The measure also boosts training requirements, calling for online, in-person classroom and target-shooting instruction. And it would require permit carriers to carry liability insurance.

Oregon’s Unconstitutional Gun Laws Coming Into Force

This is a good lesson in why it is important that we live in a Constitutional Republic and not a Democracy

Measure 114, which narrowly passed in the midterms, requires a permit, criminal background check, fingerprinting and hands-on training course for new firearms buyers and bans the sale, transfer or import of gun magazines over 10 rounds unless they are owned by law enforcement or a military member or were owned before the measure’s passage. Those who already own high-capacity magazines can only possess them in their homes or use them at a firing range, in shooting competitions or for hunting as allowed by state law after the measure takes effect.

 

After Thursday, a gun cannot be sold or transferred until the background check comes back; previously, sales could take place if the check took longer than three business days — the so-called “Charleston loophole,” a gap in federal gun law that allowed the purchase of the gun used in a 2015 South Carolina mass shooting.

 

Multiple gun rights groups, local sheriffs and gun store owners have sued, saying the law violates Americans’ constitutional right to bear arms. Gun sales and requests for background checks soared in the weeks since the measure was approved by voters Nov. 8 because of fears the new law would prevent or significantly delay the purchase of new firearms under the permitting system.
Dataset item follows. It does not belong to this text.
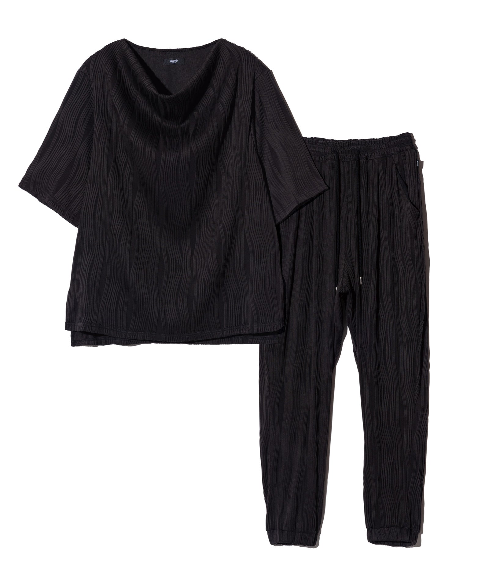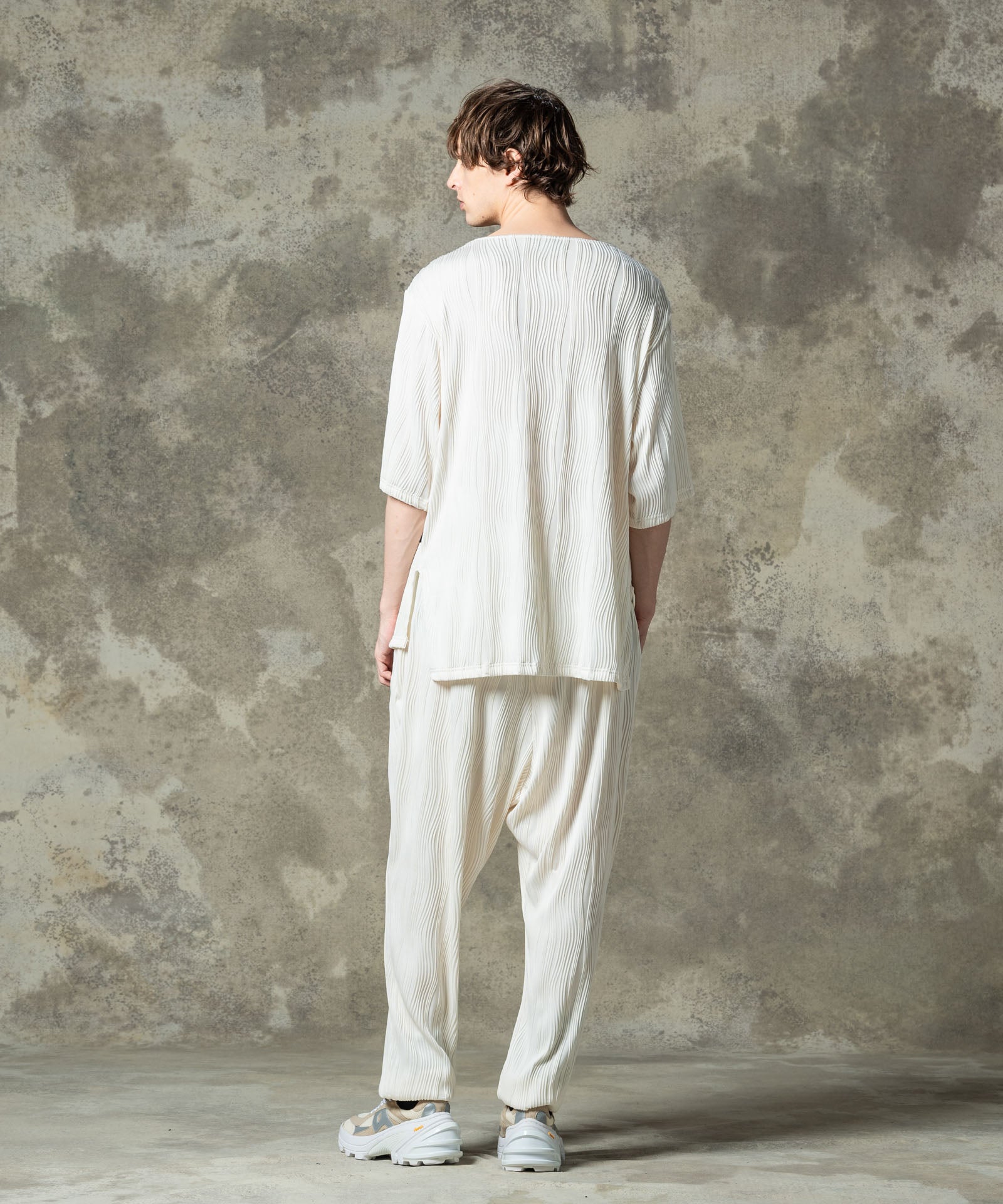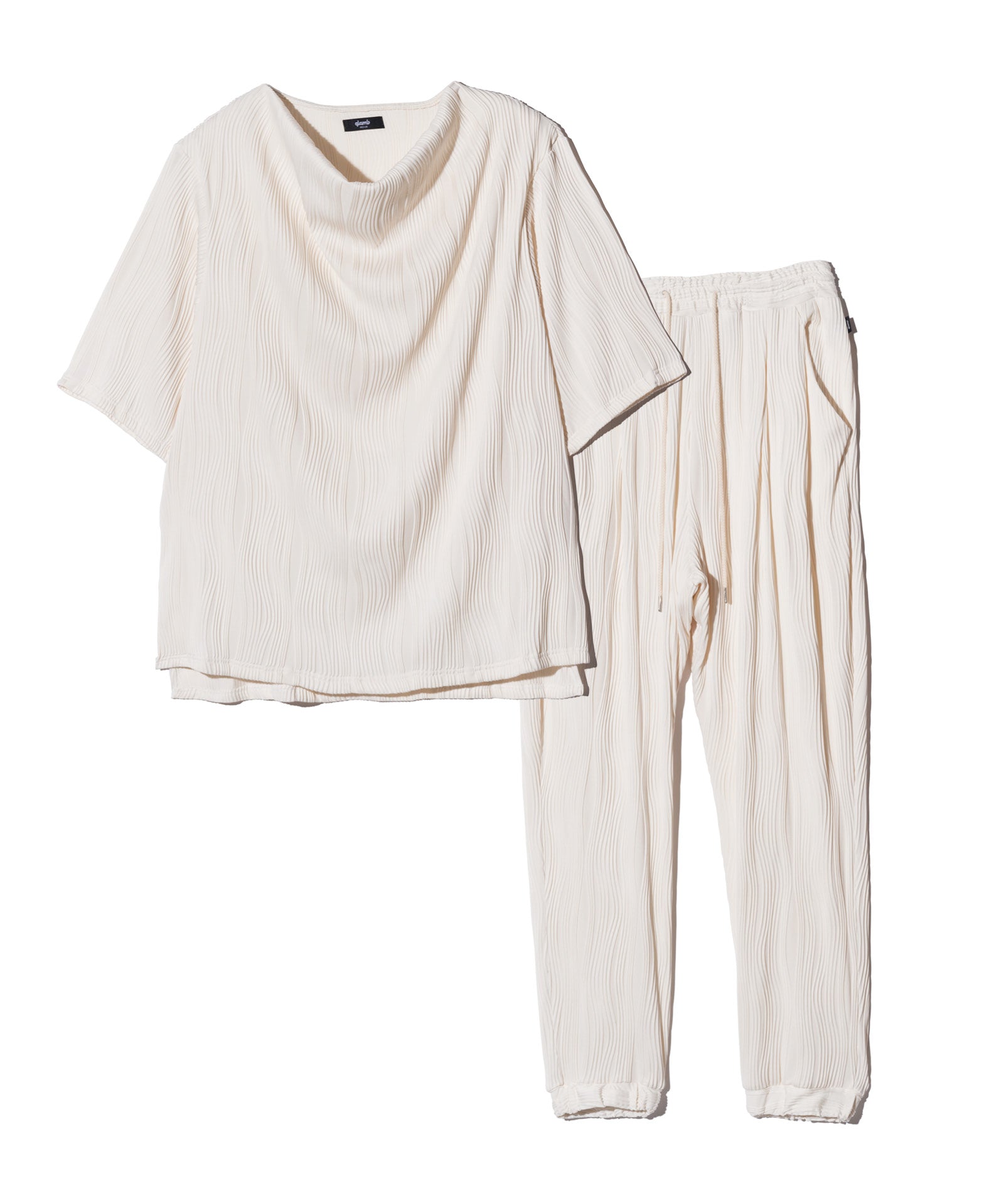 Stunn Willow Crepe 설정은 Glamb의 컬렉션에서 인기를 얻은 패턴 작업과 섬유를 결합하여 스프링 스타일을 제안합니다. 섬유는 고르지 않은 간소화 된 턱이있는 직물로 만들어졌습니다. 깊은 고랑은 뜨개질 바늘을 사용하여 메쉬를 생성 한 다음 뜨개질 직물에 묶는 신중한 과정을 통해 형성됩니다. 이 상단은 가슴에 인상적인 드레이프가 있으며 앞면이 넓고 앞쪽이 뒤쪽으로 이동하여 실루엣을 만듭니다. 몸은 길이가 길고 몸이 넓은 편안한 착용감을 가지고 있습니다. 바닥에는 허리 주위에 턱이 있고 허벅지 주위에는 넓은 실루엣이 테이퍼 된 실루엣이 있습니다. 갈비뼈처럼 조여진 밑단은 직물의 수평으로 사용하여 만들어졌으며 기능적이고 장난기가 좋도록 설계되었습니다. 스타일링 할 때는이 설정 외에도 STUNN 시리즈의 동일한 Stunn Long Sleeves T-Shirt를 내부 레이어로 사용하여 더 많은 구조와 같은 레이어링을 즐길 수 있습니다.

In a Democracy, this would be fine. Majority rules. But, thankfully, our Founders were fearful of the Tyranny of the Majority (like this) and established a Constitutional Republic. In our Republic, individual rights are protected even (especially) when the majority wants them quashed.

Oregon’s law is clearly unconstitutional and an unacceptable abridgement of basic civil rights, but they are going to have to fight it out.